_PROVIDED MATERIAL:_
○ ○ ○ ○ ○ ○ ○

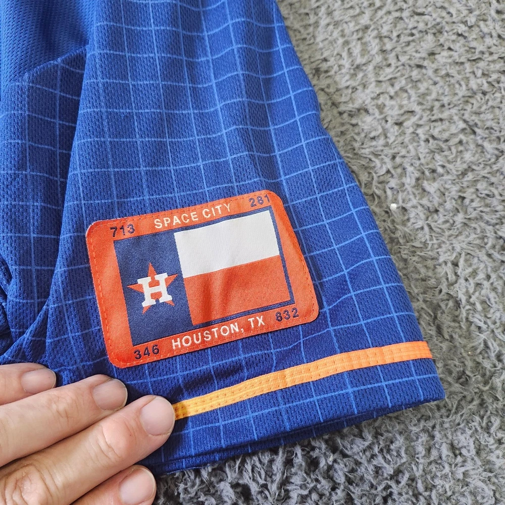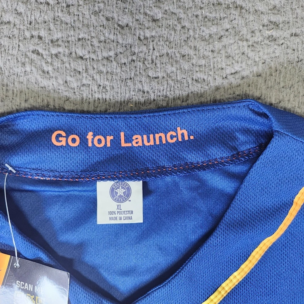 This Space City Houston Astros Hader 71 Jersey in XL features vibrant colors and quality construction, ideal for showcasing team spirit. • Button-down closure • Short sleeves • "Go for Launch" collar text • 100% polyester • Made in China • Official Astros logos • LevelTX branding
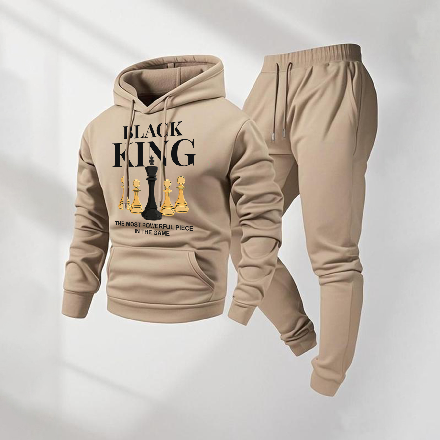 Men's Black King Letter Pattern Print Hoodie and Drawstring Sweatpants Set, Menswear, Casual Athletic Long Sleeve Hooded Jacket & Trousers for Fall & Winter, Men's Clothing for Daily Wear, Sportswear Indoor Outdoor, Tracksuit, Athleisure
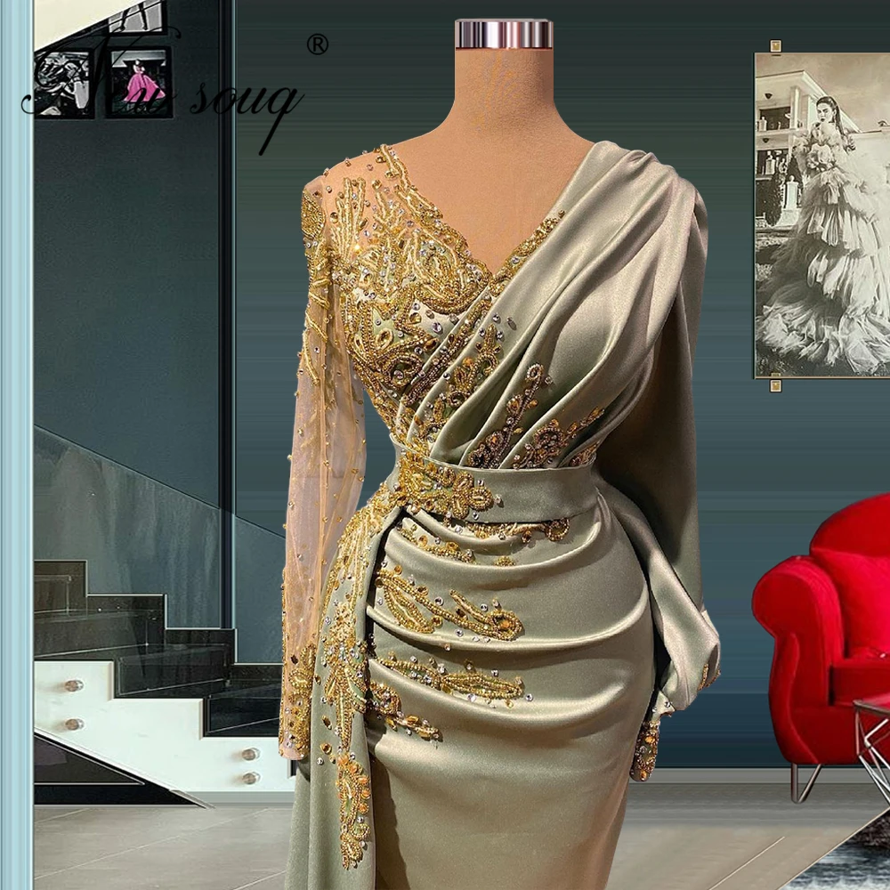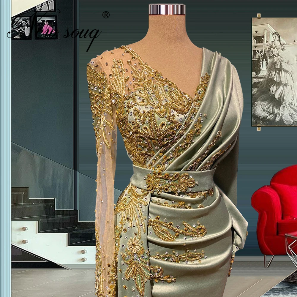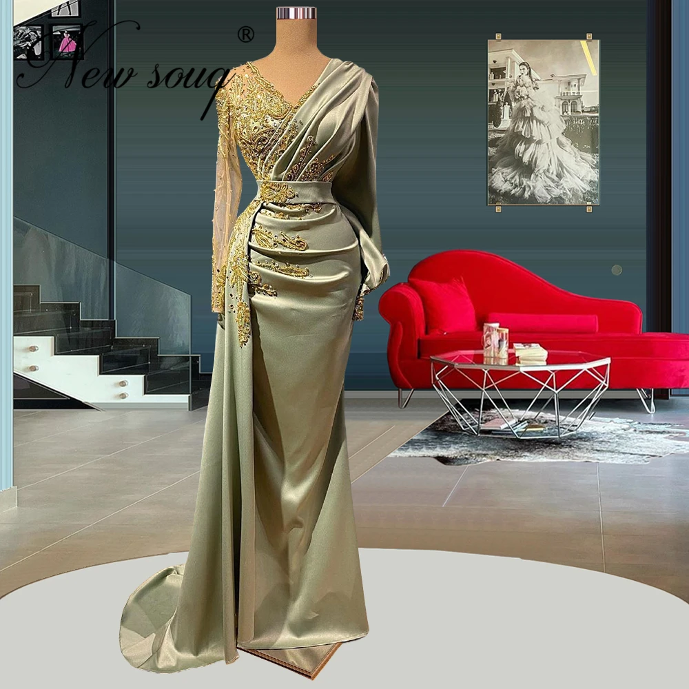 Зеленое арабское элегантное вечернее платье, мусульманское Бисероплетение, женская вечерняя одежда 2021, Длинные вечерние платья, платье-Русалка для выпускного вечера, женское платье

○ ○ ○ ○ ○ ○ ○

_TO DO:_
A word-for-word copy of the lines from the one with "Men's Black King" through the last line of the data above is required, with both end lines included and no pictures.

_COMPLETED EXERCISE:_
 Men's Black King Letter Pattern Print Hoodie and Drawstring Sweatpants Set, Menswear, Casual Athletic Long Sleeve Hooded Jacket & Trousers for Fall & Winter, Men's Clothing for Daily Wear, Sportswear Indoor Outdoor, Tracksuit, Athleisure
 Зеленое арабское элегантное вечернее платье, мусульманское Бисероплетение, женская вечерняя одежда 2021, Длинные вечерние платья, платье-Русалка для выпускного вечера, женское платье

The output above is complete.